Although Richard despised the whites deep down for the unfair treatment they gave, he had no choice but to surrender to their expectations since they provided him his income. For example, when discussing with his co-workers about the cruelty of the whites, he addresses, “But under all our talk floated a latent sense of violence; the whites had drawn a line over which we dared not to step and we accepted that line because our bread was at stake.” (Wright, 229) Richard knew he was not able to defend his values, no matter how strong they were, because he would be putting his life on the line. The principles of surviving was earning money and Richard would die if he were to stand up for himself and express his hatred towards the whites. Moreover, when explaining why he could not tell his boss the truth about how he really felt, he declared, “Because my life was completely conditioned by what they said or did, it would have been a tantamount to challenging them.” (Wright, 252) The white people in the South did not prefer blacks to move to different racial environment from the South, for they would change into someone almost human. How Richard lived depended on how the whites felt towards them, and since Richard knew not to tell them the truth, he was able to lie his way out of the South.
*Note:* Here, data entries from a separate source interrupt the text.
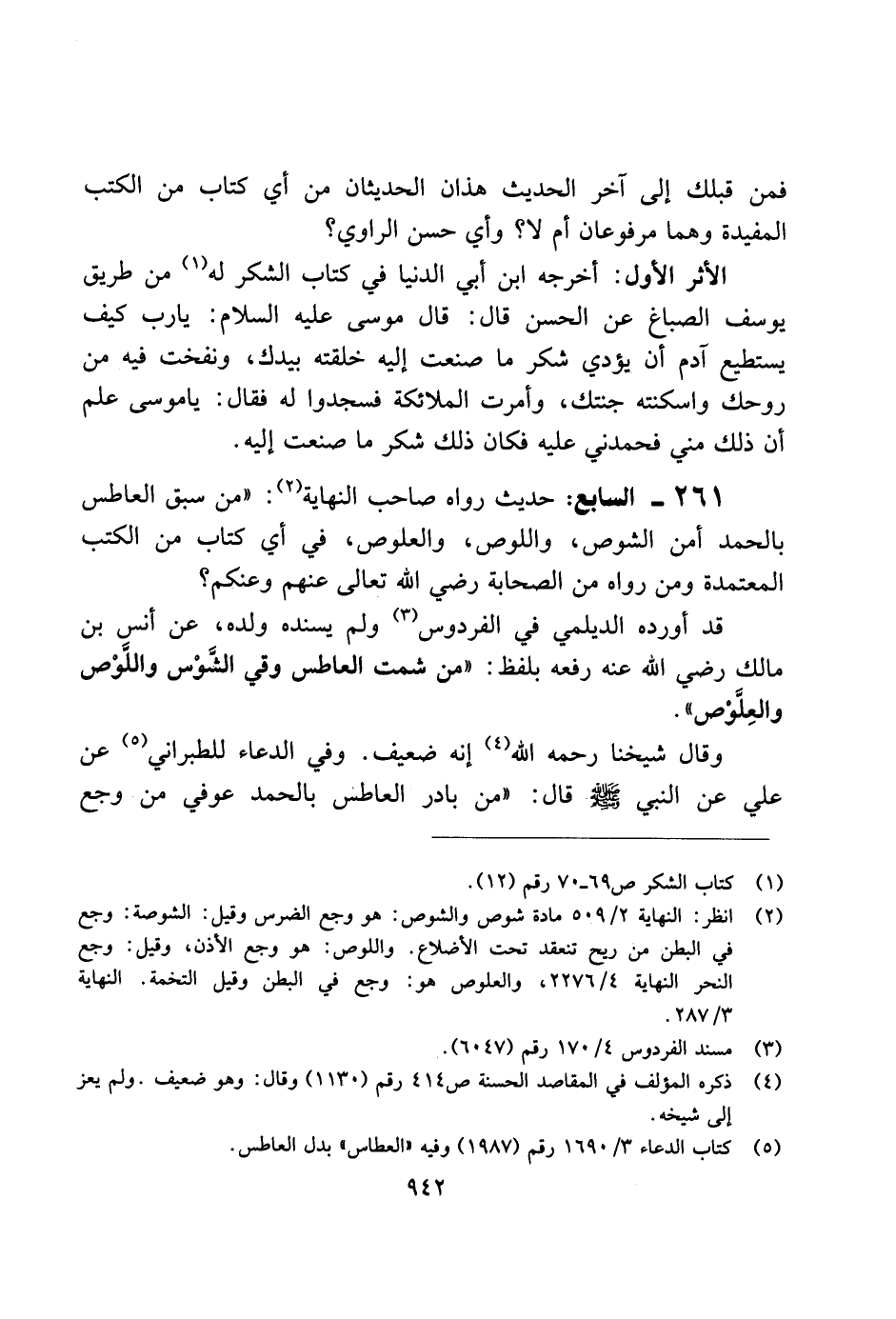 261 - السابع: حديث رواه صاحب النهاية: "من سبق العاطس بالحمد أمن الشوص، واللوص، والعلوص، في أي كتاب من الكتب المعتمدة ومن رواه من الصحابة رضي الله تعالى عنهم وعنكم؟
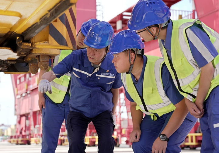 许振超(左二)和团队成员在山东港口青岛港集装箱码头研究传统集装箱桥吊的智能化升级方案(2024年9月2日摄)。新华社发(闫军 摄)
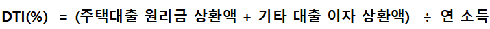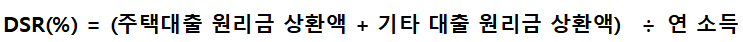 세부적으로는 주택 담보 대출의 연간 원리금 상환액과 기타 대출의 이자 상환액을 더한 금액을 연간 소득으로 나누어 구하게 됩니다.
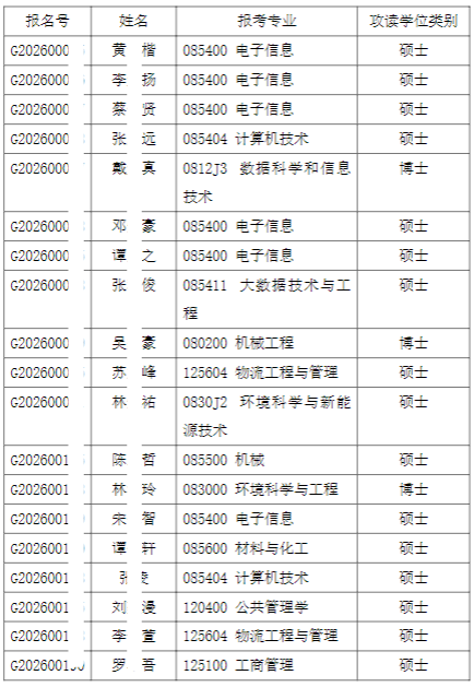清华大学深圳国际研究生院2026年招收港澳台地区研究生入围综合考核的名单已确定,现公布如下:
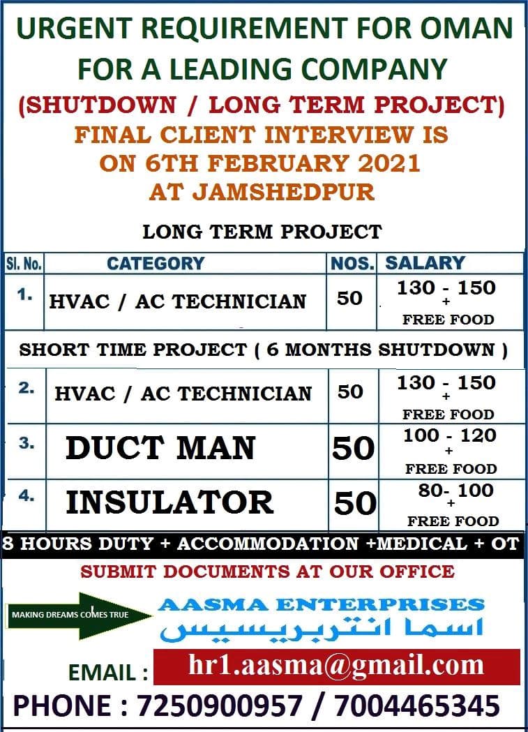 URGENT REQUIREMENT FOR OMANFOR A LEADING COMPANY(SHUTDOWN / LONG TERM PROJECT)FINAL CLIENT INTERVIEW ISON 6TH FEBRUARY 2021AT JAMSHEDPURLONG TERM PROJECTCATEGORYNOS. …

Additionally, when expressing their emotions and thoughts on society’s norms, he insisted, “Each of us hated and feared the whites, yet had a white man put in a sudden appearance we would have assumed silent, obedient smiles.” (Wright, 229) This kind of behavior was a given to all the Negroes; no one acted otherwise or else they would have no job or money to support themselves. The whites who were always in a higher position than blacks were very prejudiced towards Negroes, firing them according to their preferences. The blacks had no choice but to deal with this kind of discrimination to be able to live a life that is not even fair.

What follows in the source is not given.